April 19, 2019
February exports of U.S. pork and beef fell below last year’s levels while lamb exports trended higher, according to statistics released by the USDA and compiled by the U.S. Meat Export Federation.
Pork export volume was down 9% from a year ago in February to 186,745 metric tons, while export value dropped 17% to $455.9 million — the lowest monthly value total since February 2016. For January through February, pork exports were 5% below last year’s pace in volume (388,580 mt) and 13% lower in value ($950 million).
Pork export value averaged $45.12 per head slaughtered in February, up slightly from January, but 21% lower year-over-year. The January-February average was $44.93, down 16%. Exports accounted for 24% of total February pork production and 21% for muscle cuts only, down from 27.8% and 24%, respectively, a year ago. For January-February, the ratio of total production exported was 23.8% (down from 26.1% a year ago) and 20.6% for muscle cuts only (down from 22.7%).
February beef exports declined 6% year-over-year to 94,885 mt while value was down 3% to $581.6 million. January-February, exports were 3% below last year’s record pace in volume (199,651 mt) but steady in value at $1.22 billion. The volume decline is mainly due to lower exports to Hong Kong and Canada, as shipments to most other major beef markets have trended higher in 2019.

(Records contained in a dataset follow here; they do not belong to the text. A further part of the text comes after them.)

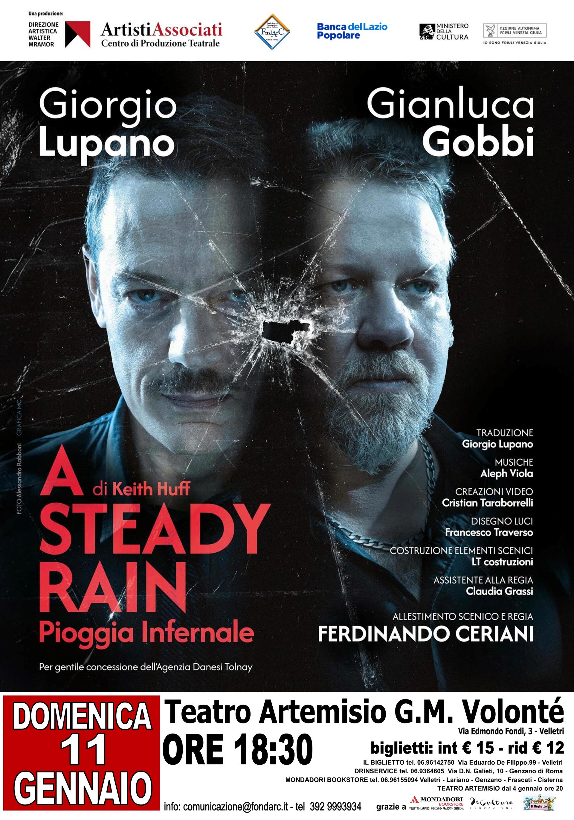 A Steady Rain (Pioggia Infernale) è uno spettacolo dello statunitense Keith Huff, fra gli autori della fiction House of Cards. Un testo pulp e noir che ha ispirato la prima stagione della serie True Detective, in cui due poliziotti raccontano ciascuno la propria versione dei fatti davanti alla commissione per gli Affari Interni, chiamata a giudicarli in seguito a un grave incidente verificatosi mentre erano in servizio.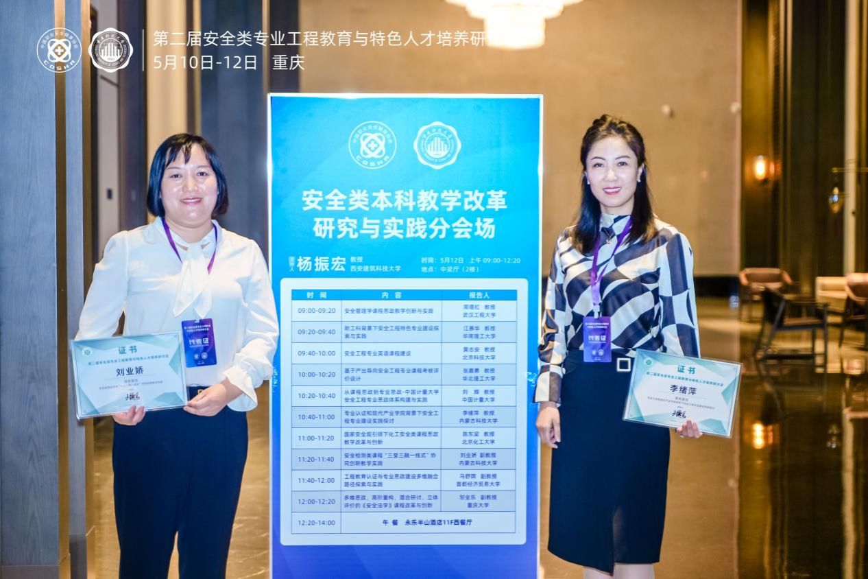 2024年5月10日-12日,第二届安全类专业工程教育与特色人才培养研讨会在重庆召开,太阳集团tyc539教师李绪萍、刘业娇、陈景序、任玉辉、张靖参加了会议,其中李绪萍教授和刘业娇副教授发表了大会报告。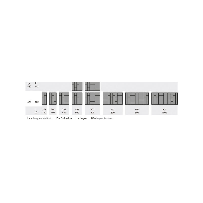 | Référence | Largeur | Pour caisson de largeur | Pour tiroir de profondeur | Dispo. | Prix TTC | UV | Unité de Vente | Qté | |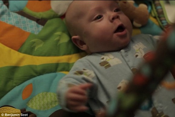 «В один такой тяжелый день мы были рядом. Малыш был без маски и без трубки. И вдруг он немного повернул голову и … улыбнулся! Мы знали, что он не может видеть на данном этапе, но то, что он открыл глаза и открыл их настолько широко, мы такого не видели раньше. Он смотрел прямо на нас! У меня было достаточно времени, чтобы сфотографировать его . Через некоторое время он закрыл глаза и немного повернул голову обратно к потолку. Я никогда не забуду тот момент. Я чувствую, как будто он говорил нам — Я в порядке! Не теряйте в меря веру!» Вот та фотография.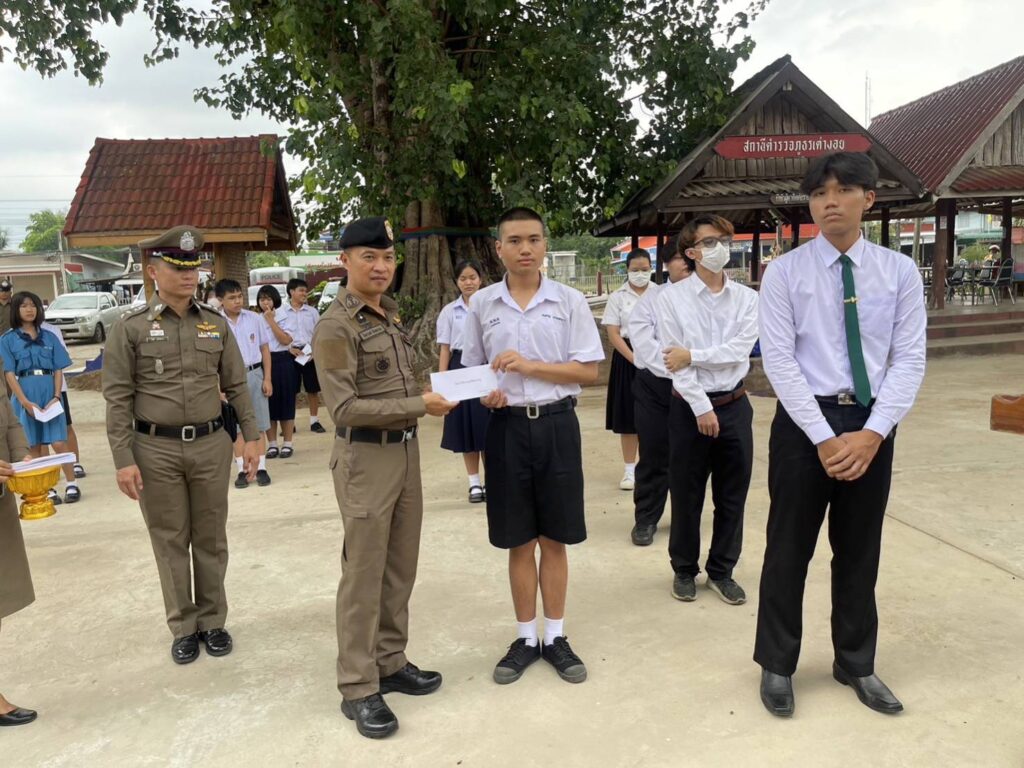 โดยมี นายสุขสันต์ วิเวก นายอำเภอเต่างอย,ว่าที่ พ.ต.อ.กิตติ แก้วทินกร ผกก. สภ.เต่างอย ข้าราชการตำรวจและผู้ปกครอง รวมทั้ง บุตร ธิดาข้าราชการตำรวจ สภ.เต่างอย เข้าร่วมการมอบถุงยังชีพและทุนการศึกษาครั้งนี้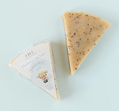 This rich soap if full of goodness inside! Whole milk contains buttery fats and vitamins A and B12 – all of which help hydrate and nourish skin. A blend of coconut, rice bran and olive oils provide a rich, lathering emolliency that leaves skin feeling soft and not stripped.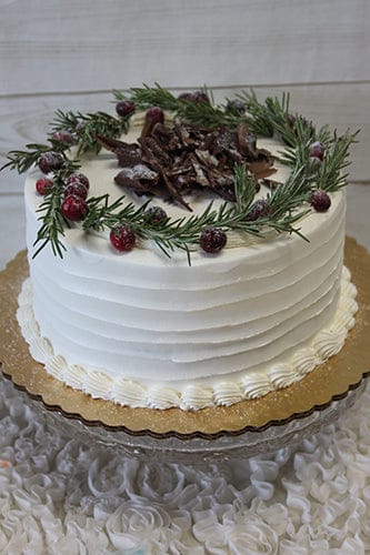 Horizontal white buttercream frosting with a ring of fresh greens and cranberries. Finished with chocolate shavings and a sprinkle of powdered sugar.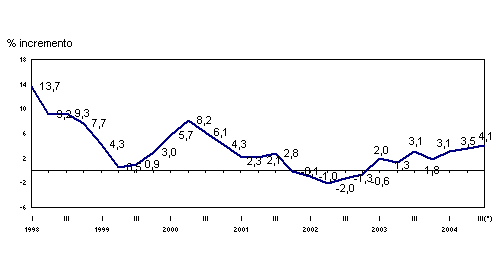 El acumulado de los siete primeros meses de 2004 registra un crecimiento del 4,6% sobre el mismo período del año anterior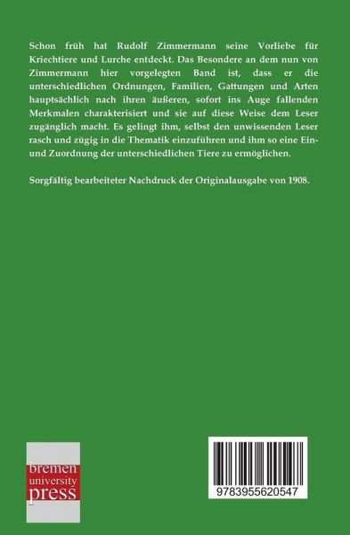 Schon früh hat Rudolf Zimmermann seine Vorliebe für Kriechtiere und Lurche entdeckt. Das Besondere an dem nun von Zimmermann hier vorgelegten Band ist, dass er die unterschiedlichen Ordnungen, Familien, Gattungen und Arten hauptsächlich nach ihren äußeren, sofort ins Auge fallenden Merkmalen charakterisiert und sie auf diese Weise dem Leser zugänglich macht. Es gelingt ihm, selbst den unwissenden Leser rasch und zügig in die Thematik einzuführen und ihm so eine Ein- und Zuordnung der unterschiedlichen Tiere zu ermöglichen.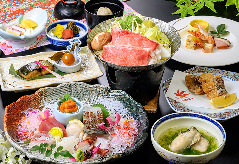 松坂牛・伊賀牛・三重いなべ牛を食べ比べて楽しむプランや、松坂牛の鉄板焼きと伊勢海老の黄金焼きを一緒に食べられる山海グルメ会席、伊勢海老・松阪牛・鮑が共演する丸ごとしゃぶしゃぶなどのコースや一品料理が数多くございます。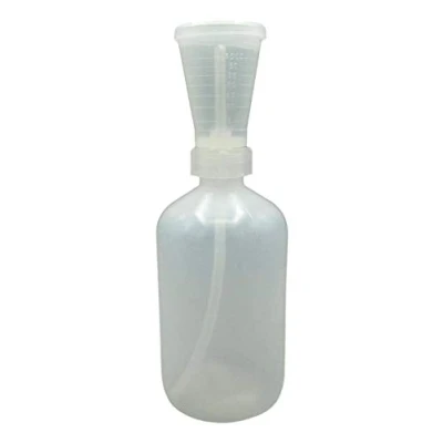 MEK Peroxide Adjustable Volume Dispensing bottle 16oz. Measuring cup holds up to 35CC Soft Plastic bottle makes it easy to squeeze Lines on the measuring cup so you know how much you have Molded of high quality polyethylene Can be used with solvents, liquids, epoxy, gelcoat, etc.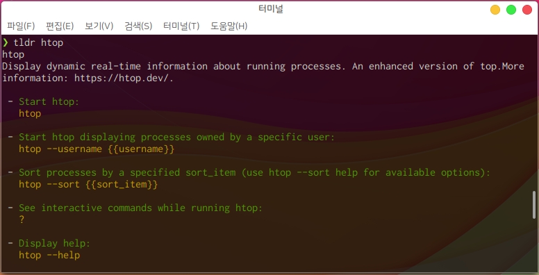 명령어를 통해 각종 리눅스 명령어의 사용법을 쉽게 확인할 수 있습니다.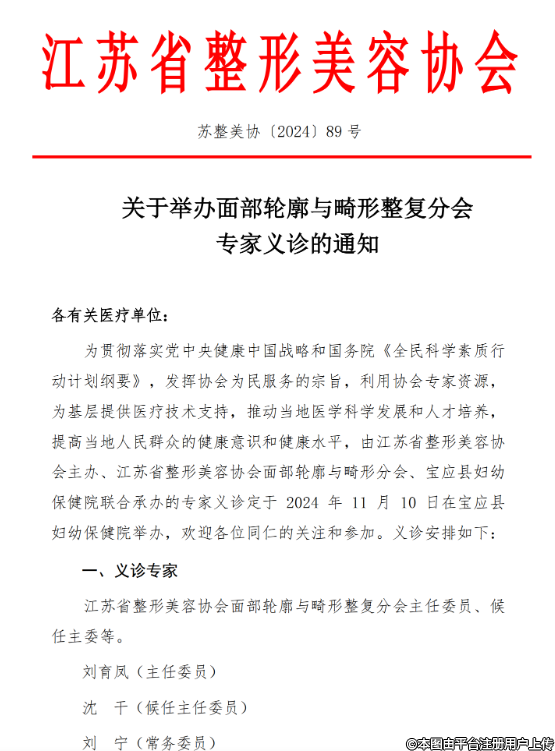 關(guān)于舉辦面部輪廓與畸形整復(fù)分會(huì)專(zhuān)家義診的通知

Beef export value per head of fed slaughter averaged $309.39 in February, down 4% from a year ago, while the January-February average was down 3% to $296.19. February exports accounted for 12.8% of total beef production and 10.1% for muscle cuts only, down from 13.6% and 10.8%, respectively, in February 2018. For January-February these ratios were 12.5% and 9.9%, each down one-half percentage point from the first two months of 2018.
“The stiff headwinds trade disputes have created for U.S. pork exports have certainly not subsided,” says USMEF President and CEO Dan Halstrom. “USMEF is encouraged by reports of progress toward resolution of these disputes, but in the meantime missed opportunities for export growth are mounting. On the beef side there is still much to be excited about, especially with the launch of U.S.-Japan trade agreement talks. A great deal is at stake for both U.S. beef and U.S. pork in those negotiations, as exports to Japan deliver remarkable returns for the entire U.S. supply chain and it is essential that we get back on a level playing field with our competitors.”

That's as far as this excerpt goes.